Coastal Wolf, by Ken Meyers

"Coastal Wolf" is created using the lost wax process of bronze sculpture. 9" tall x 16" long. It is signed and numbered by the artist as part of a limited edition of ten to be produced.

“I am a bronze sculptor based on Vancouver Island and have recently completed the first in a series of Coastal Wolf pieces. As a signature member of Artists for Conservation, I routinely pledge a percentage of sale proceeds to worthy organizations focused on the protection of at-risk species. I would love to donate to Raincoast as I sell editions of this piece!”

Ken Meyers

“Coastal Wolf” is created using the lost wax process of bronze sculpture. 9″ tall x 16″ long. It is signed and numbered by the artist as part of a limited edition of ten to be produced. Each piece is priced at $6,600.

Website: https://www.kenmeyersculpture.com/

About coastal wolves

Coastal wolves are a genetically, ecologically, and behaviourally distinct population of the gray wolf (Canis lupus). Notably, they have a greater amount of marine based protein in their diet than interior wolves, are smaller in size, and have slight but identifiable differences in coloration.

The coastal wolf can be found in southwestern Alaska and west of the Coast Mountain Range, which separates coastal from interior areas of British Columbia. In BC, this includes the Great Bear Rainforest and many islands and archipelagos in the Salish Sea. As gray wolves continue to recolonize interior areas they once inhabited in the Pacific Northwest, there is evidence of hybridization between coastal wolves and other non-coastal wolves. 

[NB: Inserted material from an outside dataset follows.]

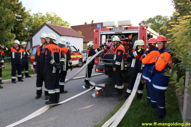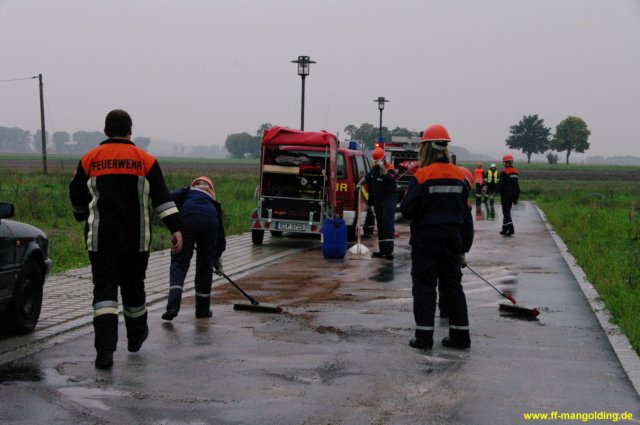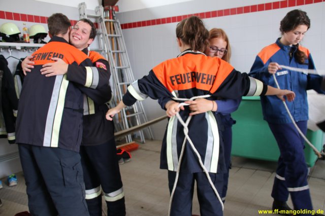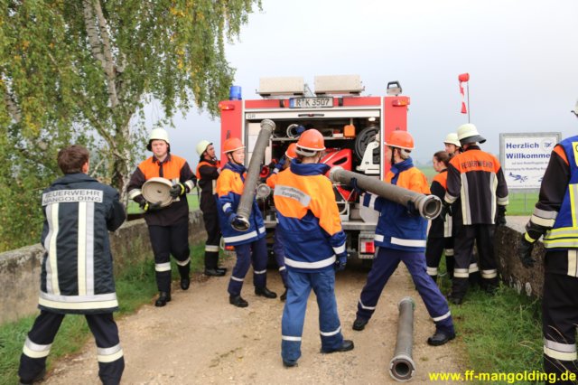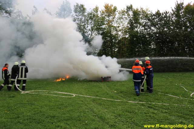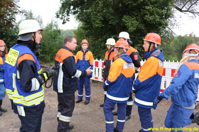 Nach einigen freien Stunden am Nachmittag nahmen wir abends zusammen mit einem Teil der aktiven Feuerwehrmannschaft an der Auftaktübung zur Brandschutzwoche in Sarching teil. Bei dieser Übung wurde der Brand eines Stadels angenommen, in dem fünf vermisste Personen zu bergen waren. Wir waren für die Wasserversorgung der Drehleiter Mintraching zuständig und mussten so eine Schlauchleitung legen und Wasser fördern. Da es für viele die erste Übung mit mehreren Feuerwehren war, war es sehr interessant zu sehen, wie eine solche Zusammenarbeit abläuft. Im Anschluss konnten wir uns noch in gemütlicher Runde stärken, bevor es zurück nach Mangolding ging. Nach Anbruch der Dunkelheit wurden wir erneut alarmiert und mussten auf der Verbindungsstraße nach Scheuer eine Ölspur beseitigen. Besonders wichtig war dabei natürlich auch die Verkehrsabsicherung, um sicherzustellen, dass unsere eigenen Kräfte ungefährdet arbeiten konnten. Den letzten Einsatz dieses Tages stellte schließlich eine Personensuche im Wald dar. Nachdem wir einige Zeit erfolglos gesucht hatten, kam schließlich die Entwarnung: Die vermissten Kinder waren wohlbehalten wieder zu Hause eingetroffen und so konnten auch wir wieder einrücken und die wohlverdiente Nachtruhe konnte beginnen.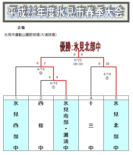 | 氷見北部中 | 1 | 0 | 2 | 0 | 1 | 0 | 0 | 4 |

Much like their interior counterparts, coastal wolves face threats against which they have no evolved defences, including human persecution, climate change, industrial forestry, trophy hunting, increasing marine traffic, and exotic diseases. Given their unique ecological, morphological, behavioural, and genetic characteristics, scientists have recommended that coastal wolves in BC be considered an Evolutionary Significant Unit (ESU) and given special conservation status. To date, this unique strain of wolf does not receive any special protection in BC.